Avec la montée en popularité des mouvements prônant des valeurs de consommation durable, et par le fait même de la pratique du DIY qui leur est associée (de façon erronée ou pas), il existe aujourd’hui une multitude d’individus qui correspondent au profil de praticiens du DIY. En effet, que ces praticiens s’identifient volontairement au mouvement grandissant du DIY ou non, ils viennent à le mettre en pratique lorsqu’ils optent pour le fait de faire certains produits par eux-mêmes. Alors que le DIY devient une pratique populaire dans la société, il est possible de contester son lien avec la consommation responsable. Comme Kohtala et Hyysalo (2015) le mentionnent, il devient intéressant d’explorer comment les praticiens de DIY voient l’impact environnemental de leur pratique : « This raises the question of maker practitioners’ knowledge : how wide and deep is their own awareness of the environmental implications of making, and do they operationalise it in their current practices as well as planning for futures activities ? » (Kohtala et Hyysalo, 2015, p. 333). En

d’autres mots, est-ce que tous ces praticiens sont des consommateurs responsables qui vont opter pour la pratique du DIY afin de subvenir à leurs besoins matériels tout en répondant à leurs préoccupations environnementales, sociales et éthiques ?

Le nombre grandissant de praticiens et leur diversité amènent à considérer une étendue de pratiques du DIY, toutes plus variées les unes que les autres.

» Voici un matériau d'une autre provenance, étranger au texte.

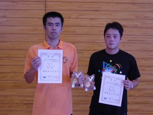 | 15 1回戦 | 大重 健太郎(都城クラブ) 永久井 賢一(都城クラブ) | 2(15-10 15-11)0 | 桑原 賢一(宮崎大学) 関岡 潤(宮崎大学) |

Il devient alors possible de questionner si le DIY, dans sa forme inclusive, peut réellement s’inscrire dans une approche de production et consommation responsable (PCR), tel que soutenu par les mouvements sociaux étudiés à la section 2.2 précédente. S’inspirant des considérations de développement durable, l’approche de PCR se définit par l’amélioration de la qualité de vie des individus en répondant à leurs besoins essentiels ainsi qu’en minimisant l’utilisation des ressources naturelles, la génération des déchets et des matières toxiques afin de ne pas compromettre les générations futures (McDonagh et al., 2012). Identifiée comme un des dix-sept objectifs de développement durable par le Programme des Nations Unies pour l’environnement ([PNUE], 2020b), la production et consommation responsables visent à promouvoir le fait de faire plus et mieux avec moins (Nations Unies, 2020), tel que le préconise la notion de suffisance (Cooper, 2005). Plus particulièrement, la PCR vise à minimiser la dégradation de l’environnement, à augmenter l’efficience des ressources consommées et à promouvoir des modes de vie durables (Nations Unies, 2020). Dans cette perspective englobante, même si les recommandations de la PCR s’adressent avant tout aux entreprises et aux instances gouvernementales, elle demeure une approche inspirante pour les modes de production et consommation individuels. Toutefois, les scientifiques sont divisés quant à son application pour la pratique du DIY. En effet, un débat existe à savoir si la pratique du DIY peut être considérée dans une approche de PCR (Déméné, 2016). Ces discussions alimentent le débat scientifique qui entoure l’impact environnemental, social et éthique de la pratique du DIY.